Taken together, colloidal probes in combination with optical microscopy, optical tweezers, or atomic force microscopy provide a versatile means to study membrane fusion with a minimum of labels/dyes. Additional information is gathered from applying external forces to explore the energy landscape of membrane merging. Prominent intermediate states could be unequivocally assigned and statistically quantified.
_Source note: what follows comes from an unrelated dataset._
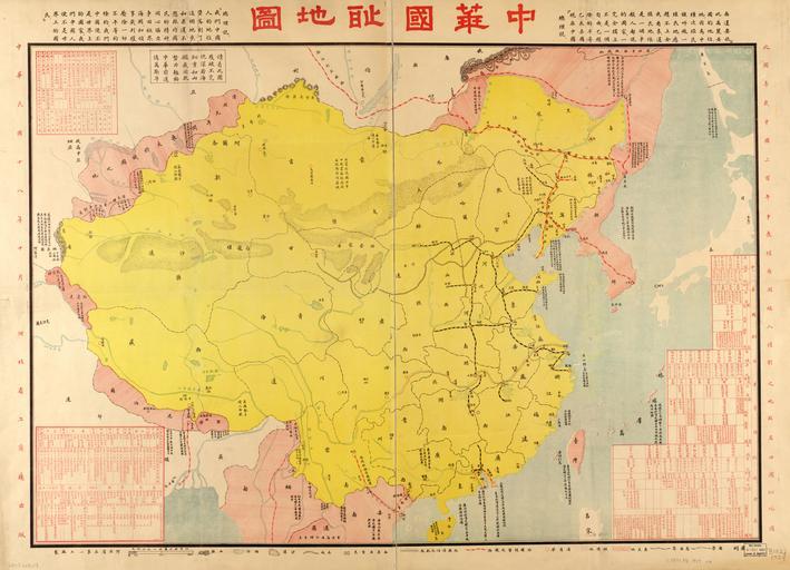 | Keywords: China 1929.jpg LargeImage en Zhong hua guo chi di tu Map of the Shame of China Includes tables showing treaties signed by China and harbors opened for foreign powers LC copy mounted on cloth backing Scale 1 6 400 000 zh-hans 中华国 图 河北 工商厅制 民国18年(1929) LOC-map g7821f ct002301 gmd Hebei Sheng Gong Shang Ting 1929 20th-century maps of China Maps in Chinese PD-USGov |
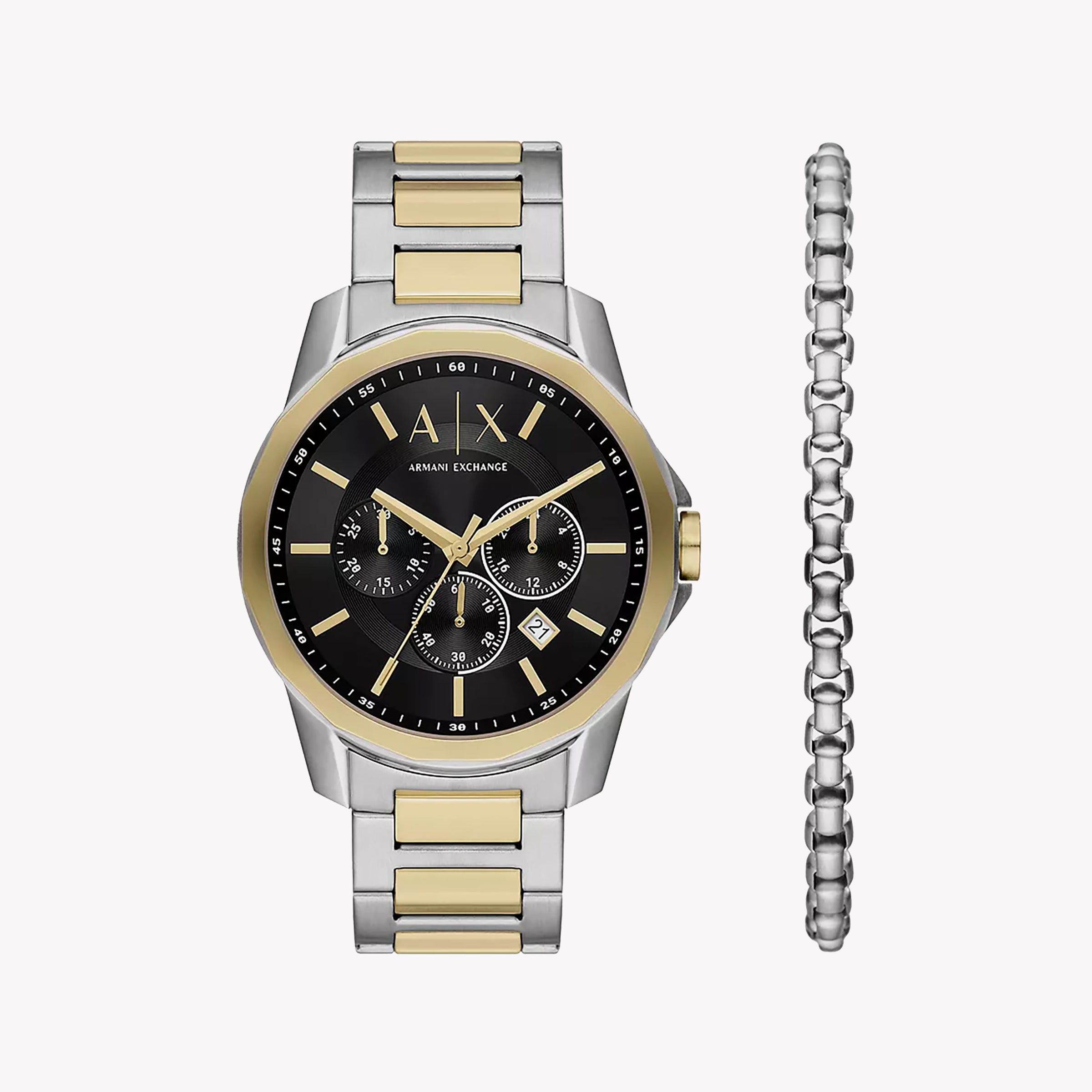 Armani Exchange Men's Silver Watch, Black Dial | Ax7148set

Moving forward, colloidal probes have a lot of potential to provide further insights into the details of membrane fusion, especially in the light of some recent innovations. Son et al. (2020) have demonstrated that circular averaging around a membrane-coated microsphere allows localization of fluorophores with sub-nanometer precision. Another very promising approach is to interface colloidal probes with living cells to form hybrid systems. The feasibility of this technique has been demonstrated for the study of macrophage phagocytosis (Bakalar et al. 2018; Joffe et al. 2020). There are also new methods emerging to manipulate colloidal probes. One promising example is acoustic force spectroscopy, where a standing acoustic wave is used to apply a force to microspheres (Sitters et al. 2015). The power of this method lies in the possibility to manipulate hundreds of probes at the same time allowing for high-throughput studies. Finally, it will be of high interest to reconstitute other parts of the fusion machinery alongside the core SNARE complex to address fundamental questions like why exocytosis of synaptic vesicles is so much faster compared to other fusion processes, for instance in endocrine cells (Kreutzberger et al. 2019).